While Venn diagrams are useful for describing overlaps between sets, they are limited in the number of sets they show, and the reliance on numbers can make patterns tricky to spot.

Alternatively, we can visualise the same thing using an UpSet plot:

library(UpSetR)
upset(t_wide)

Cool!

There are many ways to customise this. For example:

  • keep.order: keep the sets the same order rather than reordering by total count
  • sets.bar.color: change the colour of the bars on the left, which represent the total number of elements in each set (Slam winners)
  • order.by: reorder the intersection bars by the size (freq) or group by the sets involved (sets) instead of by the degree of intersecting sets
  • sets.x.label, mainbar.y.label: add axes titles
  • text.scale: adjust font size, either by providing a single integer, or vector in the format c(intersection size title, intersection size tick labels, set size title, set size tick labels, set names, numbers above bars)

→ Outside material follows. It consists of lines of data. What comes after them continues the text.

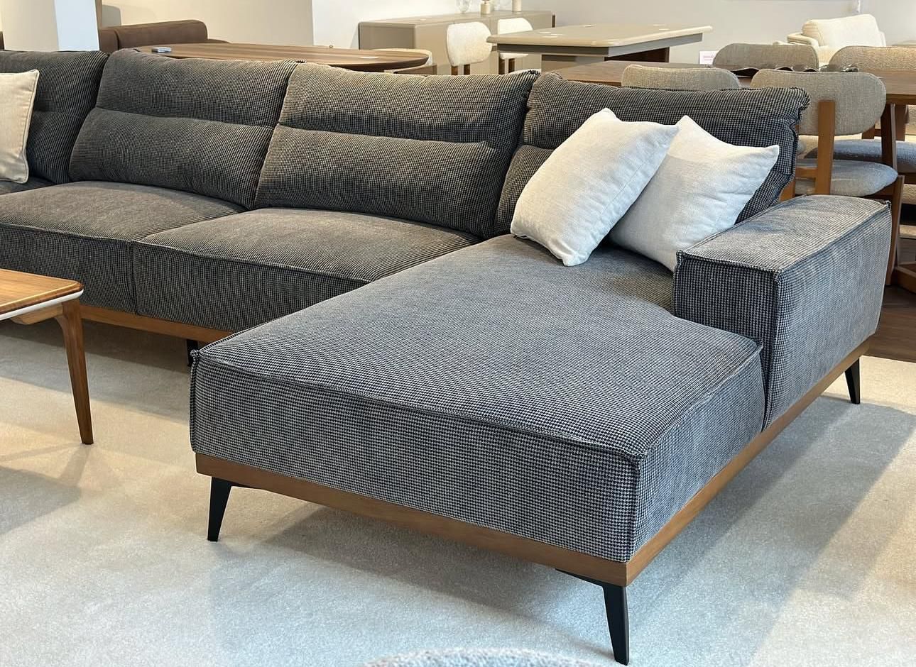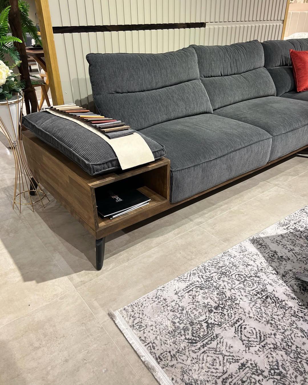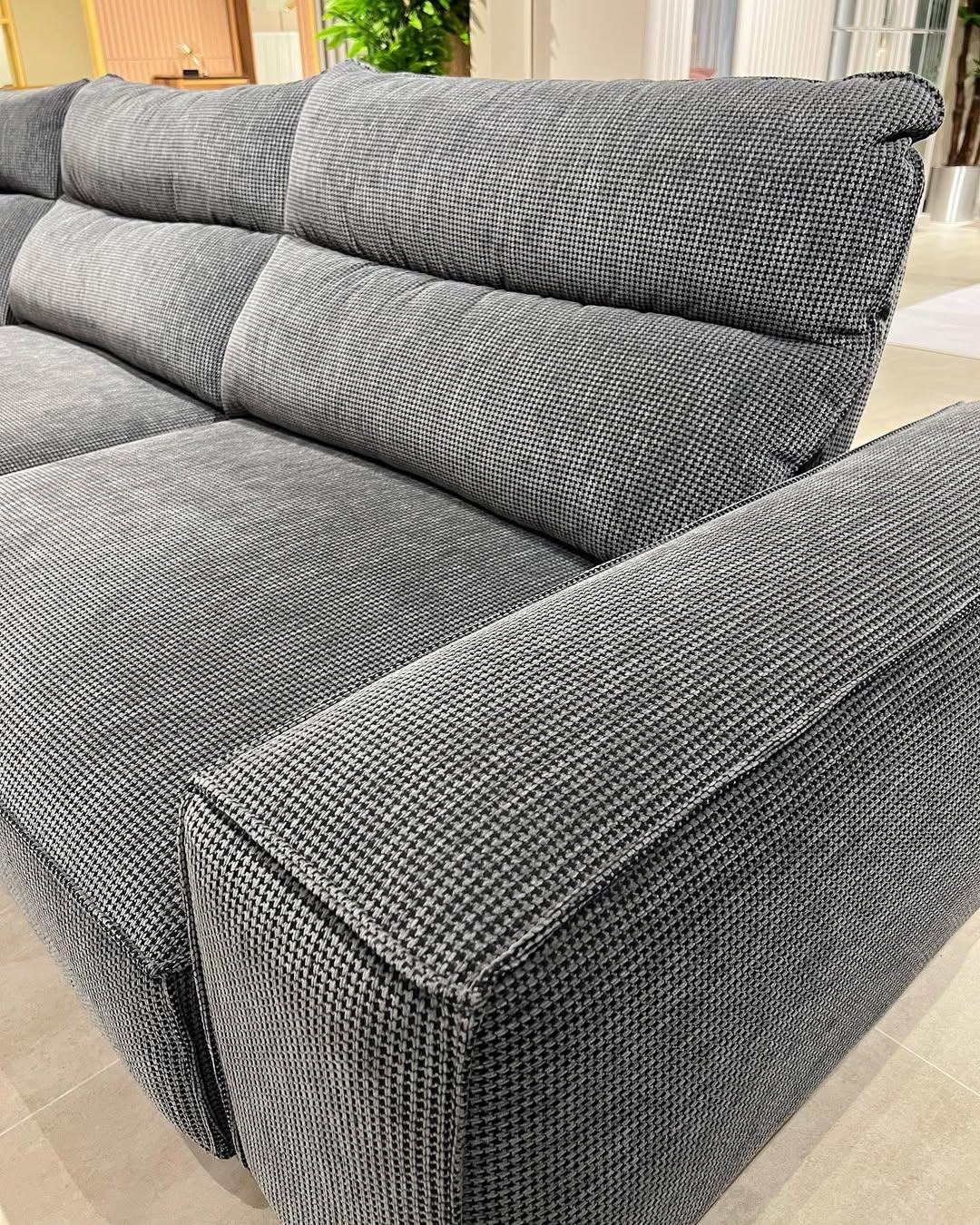 Manhattan corner sofa 335 cm in charcoal shaved wool fabric, chaise longue 165 cm, delivered with 4 cushions. Angle of your choice in front of the sofa.
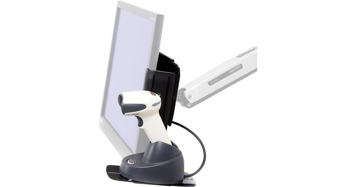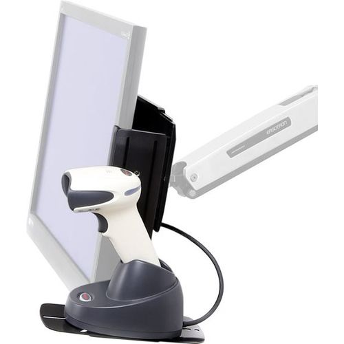This kit places a wireless scanner conveniently alongside your monitor screen. The bracket easily attaches to a mount’s VESA hole pattern, while the shelf includes a universal interface for attaching a scanner base.
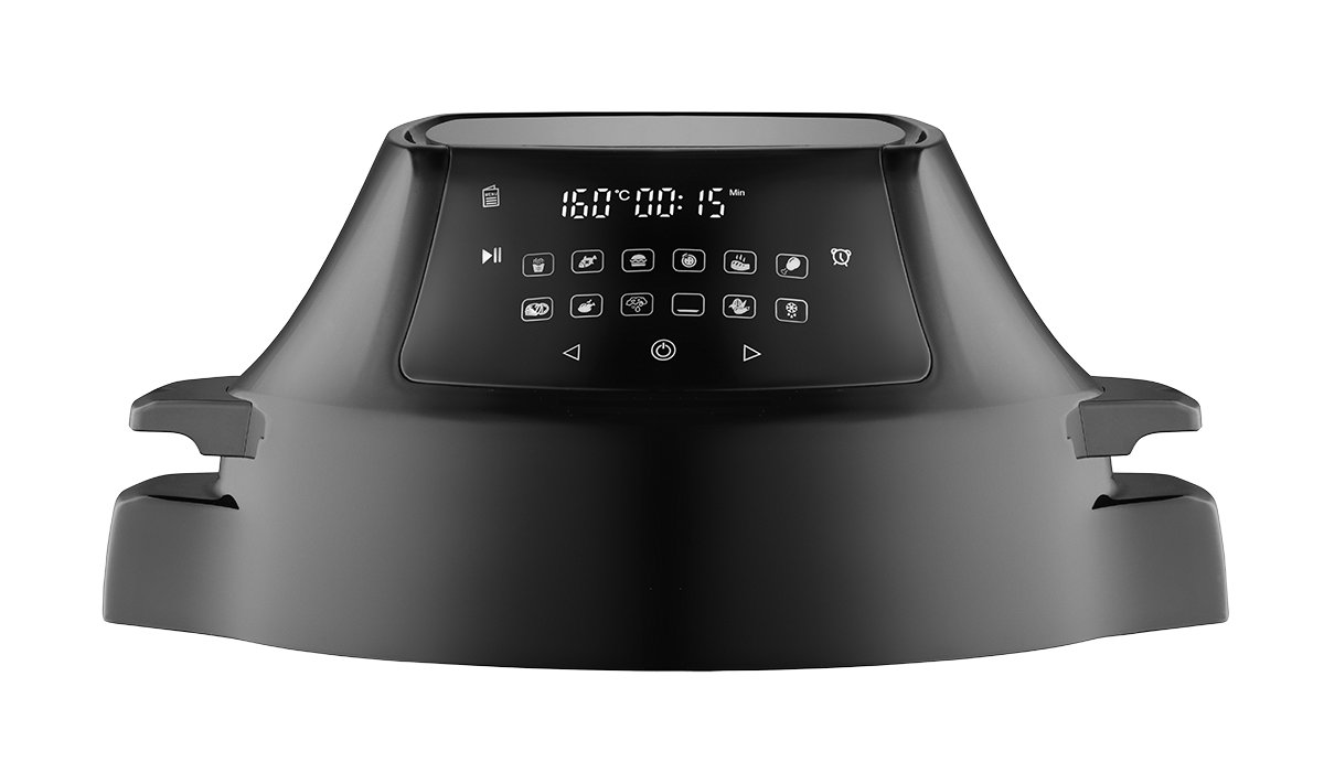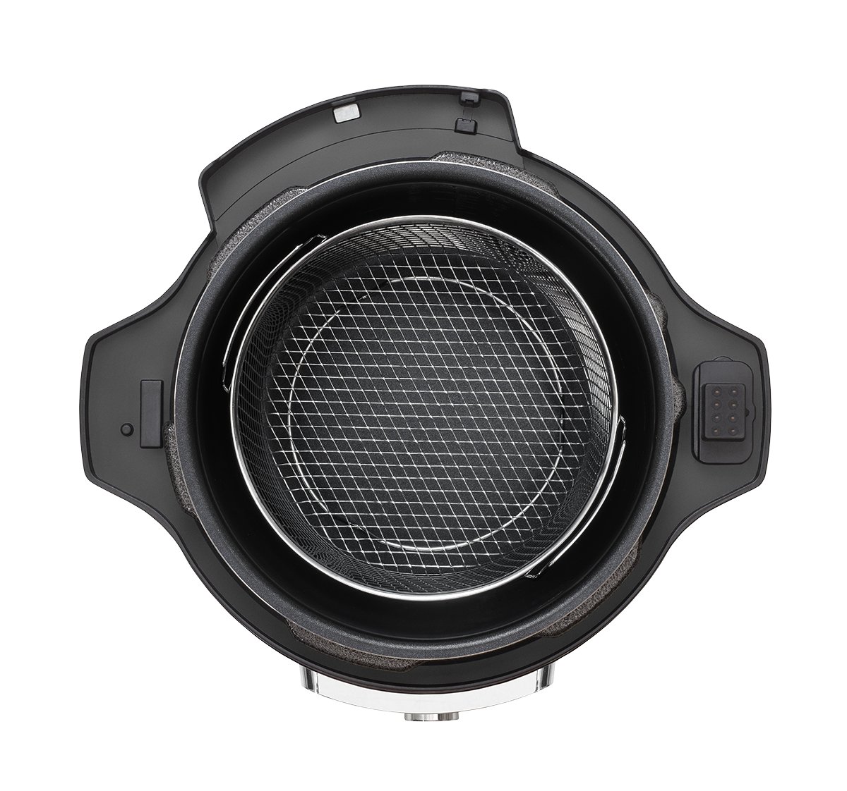 Szybkowar z pokrywką do gotowania na gorącym powietrzu w pełni zastąpi frytkownicę. Oferuje 12 programów, jak frytki, ryby, pizza, suszenie i inne, z możliwością regulacji temperatury od 80 do 200C.

See this vingette for more examples.

slam_colours = c("#3B8CC8", "#C05830", "#5A3E87", "#F2CE46") %>% ## slam colours (too cute, I know)
  rev()
tournaments = c("Australian.Open", "French.Open", "Wimbledon", "US.Open") %>% ## crucial order
  rev() ## reversed to be top to bottom

upset(
  t_wide,
  sets = tournaments,
  keep.order = TRUE,
  sets.bar.color = slam_colours,
  order.by = "freq",
  text.scale = c(1.3, 1.3, 1.3, 1, 1.5, 1),
  mainbar.y.label = "Number of players",
  sets.x.label = "Total winners",
)

Which highlights that, interestingly, the French Open and Wimbledon have been won by the greatest diversity of players, while the rarest groups are players that have won only Wimbledon & Australian Open, or all but the US Open.

You can also query the data to highlight particular intersections (query = intersects) or elements (query = elements) of interest.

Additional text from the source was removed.